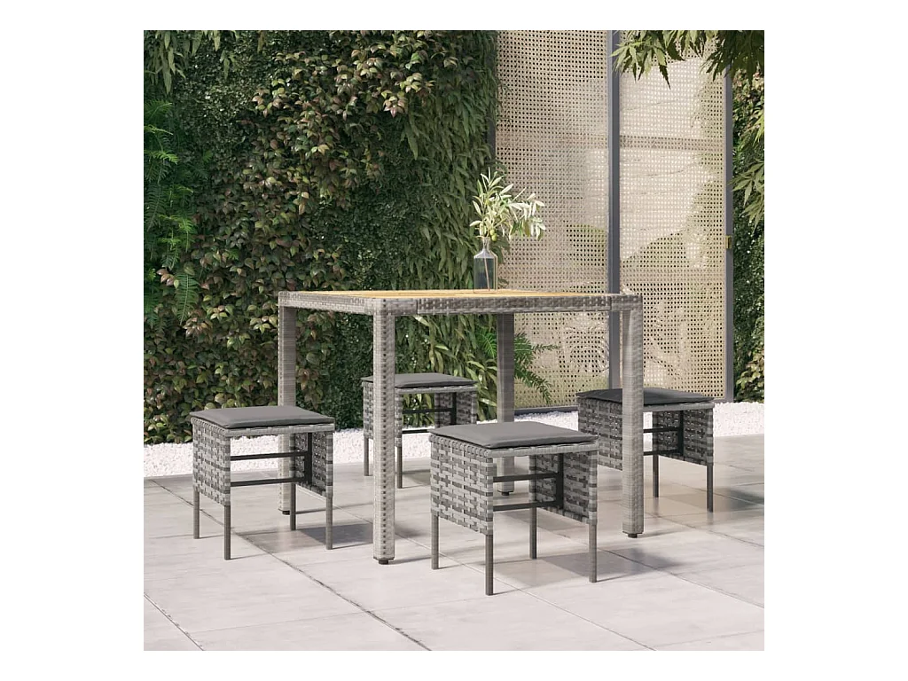Tuinvoetenbanken 4 st met kussens poly rattan grijs NL101282
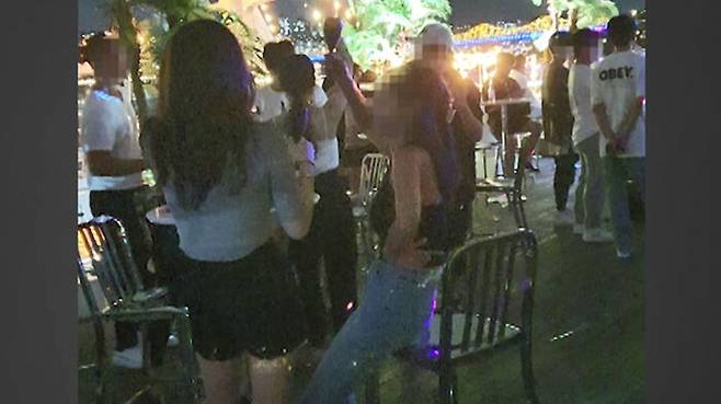 저녁 6시 이후 3명 이상 모일 수 없는데도, 젊은 남녀 수십 명이 모여 춤을 추며 파티를 벌입니다.
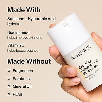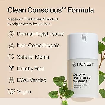 Honest Beauty Everyday Radiance Vitamin C Lightweight Moisturizer | Brightens + Improves Skin Tone | Gentle for Sensitive Skin, Fragrance Free, Vegan | 1.7 fl oz
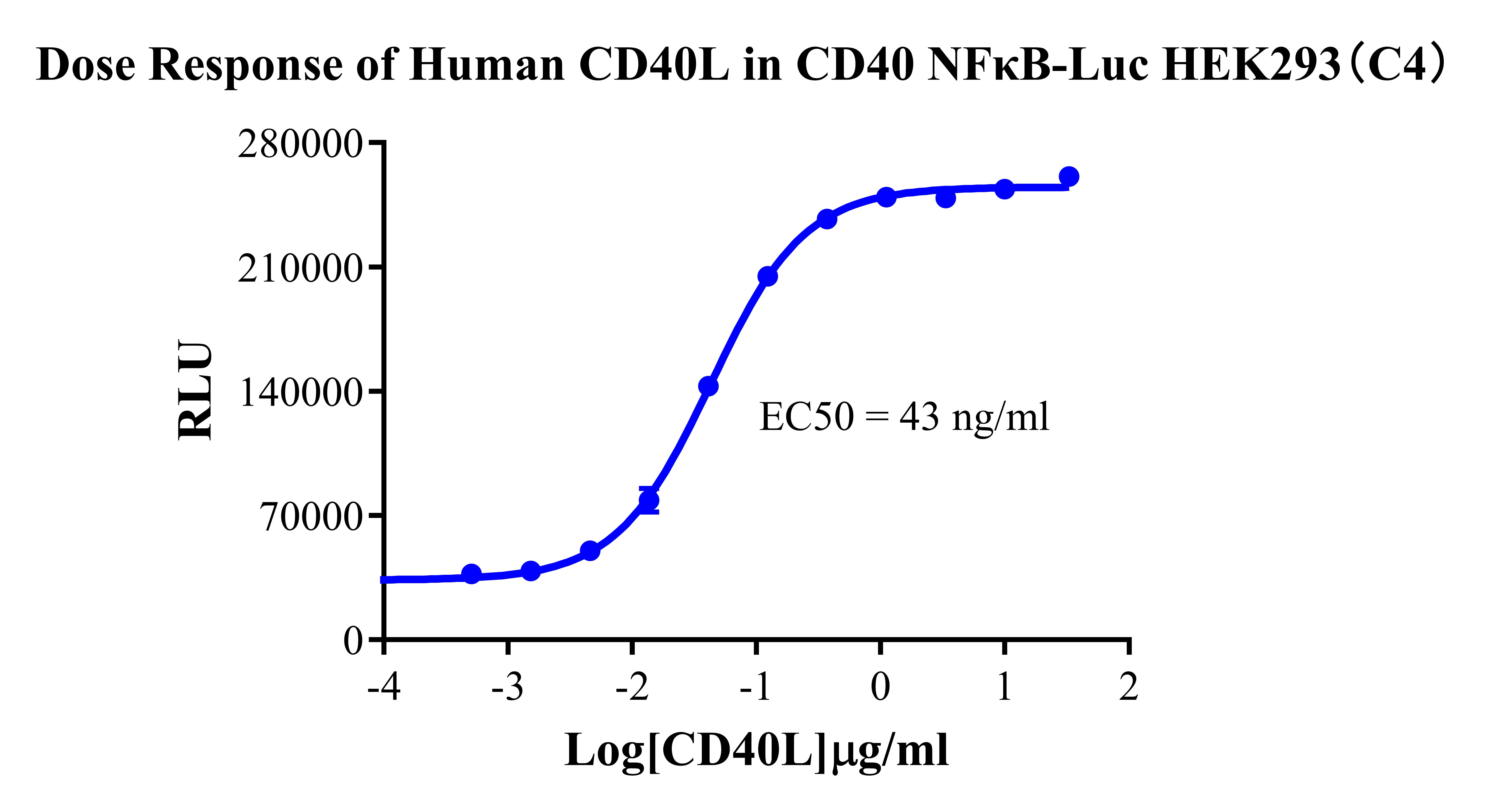 CD40 是腫瘤壞死因子受體超家族(TNFRSF)成員,作為免疫調節的關(guān)鍵分子,廣泛 參與 B 細胞活化、抗原呈遞細胞(APC)成熟及 T 細胞免疫應答。其配體 CD40L(CD154) 主要表達于活化的 T 細胞,通過(guò) CD40-CD40L 互作橋接先天性與適應性免疫,是腫瘤免疫 治療、自身免疫病及感染性疾病的熱門(mén)靶點(diǎn)。 CD40 信號轉導主要利用 TNF 受體相關(guān)因子的銜接蛋白,導致經(jīng)典和非經(jīng)典 NFκB 通 路、MAPK、PI3K 和 PLCγ的激活。它們的激活導致特征性下游效應,包括轉錄激活、細 胞骨架重排和細胞存活。 |
┄┄┄┄┄┄┄┄┄┄┄┄┄┄┄┄┄┄┄┄
THE TASK: Return the material exactly as written, except for any pictures it holds.

EXERCISE RESULT:
Tuinvoetenbanken 4 st met kussens poly rattan grijs NL101282
 저녁 6시 이후 3명 이상 모일 수 없는데도, 젊은 남녀 수십 명이 모여 춤을 추며 파티를 벌입니다.
 Honest Beauty Everyday Radiance Vitamin C Lightweight Moisturizer | Brightens + Improves Skin Tone | Gentle for Sensitive Skin, Fragrance Free, Vegan | 1.7 fl oz
 CD40 是腫瘤壞死因子受體超家族(TNFRSF)成員,作為免疫調節的關(guān)鍵分子,廣泛 參與 B 細胞活化、抗原呈遞細胞(APC)成熟及 T 細胞免疫應答。其配體 CD40L(CD154) 主要表達于活化的 T 細胞,通過(guò) CD40-CD40L 互作橋接先天性與適應性免疫,是腫瘤免疫 治療、自身免疫病及感染性疾病的熱門(mén)靶點(diǎn)。 CD40 信號轉導主要利用 TNF 受體相關(guān)因子的銜接蛋白,導致經(jīng)典和非經(jīng)典 NFκB 通 路、MAPK、PI3K 和 PLCγ的激活。它們的激活導致特征性下游效應,包括轉錄激活、細 胞骨架重排和細胞存活。 |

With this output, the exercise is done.